Australia's domain name regulator AuDA would not take down stephenconroy.com.au today after it was registered for a second time by a company to voice their opinion on censorship of the internet in Australia.
Once deleted, the domain was again registered by the company, named Sapia, but this time legitimately, said AuDA CEO Chris Disspain.
"This registration ... would be on the basis that they have a registered business name and that registered business name is 'stephenconroy' and so therefore they are entitled to stephenconroy.com.au because it is an exact match to their registered business name."
Disspain said AuDA, on the first occasion, had placed the domain into "pending delete" because Sapia had not provided it with a legitimate reason to have been eligible.
"They never provided [AuDA] with the information and they had 14 days to do this," he said.
"They never provided us with the information - with any information - to satisfactorily indicate that there was a close and substatinal connection between the business that Sapia had."
Disspain said AuDA's "original issue" with Sapia was that it had not provided AuDA with a "substantial connection" to owning the stephenconroy.com.au domain name. He explained how a "substantial connection" could be made.
"If I had a business called Chris’ flower shop I could register Chrisflowershop[.com.au]. I could also register my name. But I could also register tulips[.com.au] or roses[.com.au] because I could say there is a close and substantial connection."

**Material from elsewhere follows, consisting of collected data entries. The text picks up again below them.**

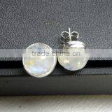 Rainbow Moonstone Round Cabochon Stud Earrings, 925 Solid Sterling Silver Earrings, Natural Gemsone Stud Earrings
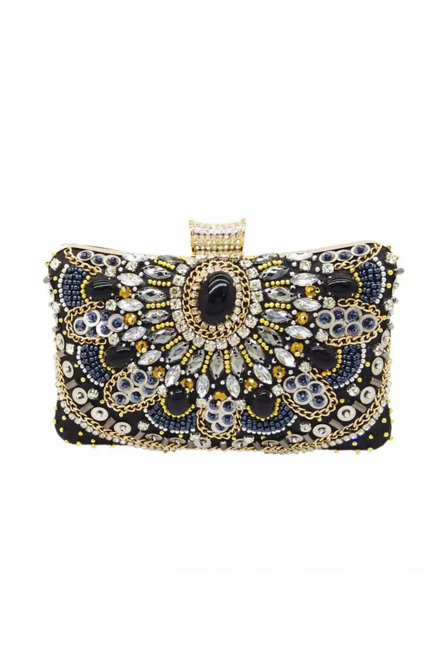 Siyah boncuk işlemeli metal gece çantası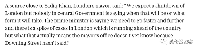 另据英国《每日电讯报》刚刚报道,英国伦敦市长办公室预计,伦敦将在未来几天内封城。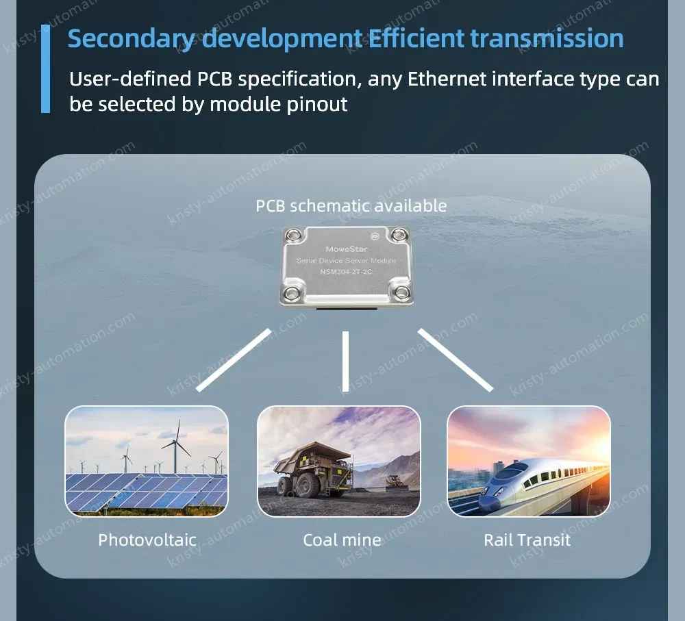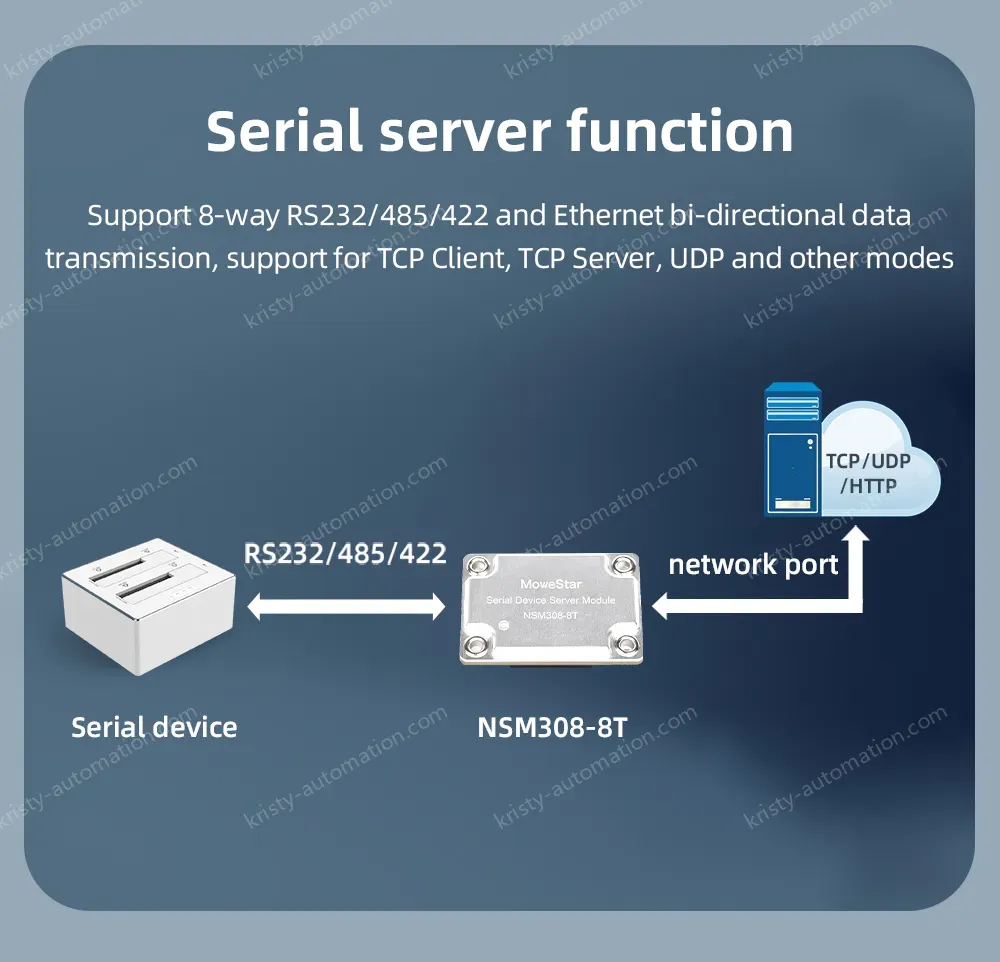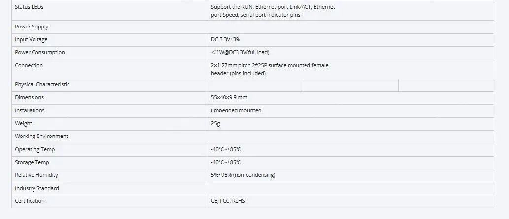 Industrial serial port server series products, mainly realize the data transmission between Ethernet and serial port (RS-232/RS-485/RS-422), it integrates the TCP/IP protocol stack, RS-232/RS-485/RS-422 devices that are not connected to the Internet can also be easily, flexibly and quickly connected to Ethernet. The series of products use high-performance ARM chip to ensure stable data transmission; Support a variety of working modes to meet different application requirements; Excellent anti-interference performance, suitable for harsh industrial environments.

Disspain said it was "absolutely legitimate" for the company to own the domain name on the second time they had registration the stephenconroy.com.au domain name as they had provided a registered trading name of "stephenconroy", a trading name registered by Sapia on December 18.
The stephenconroy.com.au domain name now redirects to stephen-conroy.com with a message stating its reasons for being eligible. On the stephen-conroy.com web site is a link to an image showing it had registered the trading name "stephenconroy" in Victoria and a link to the Australian Securities and Investments Commission (ASIC) web site to prove it.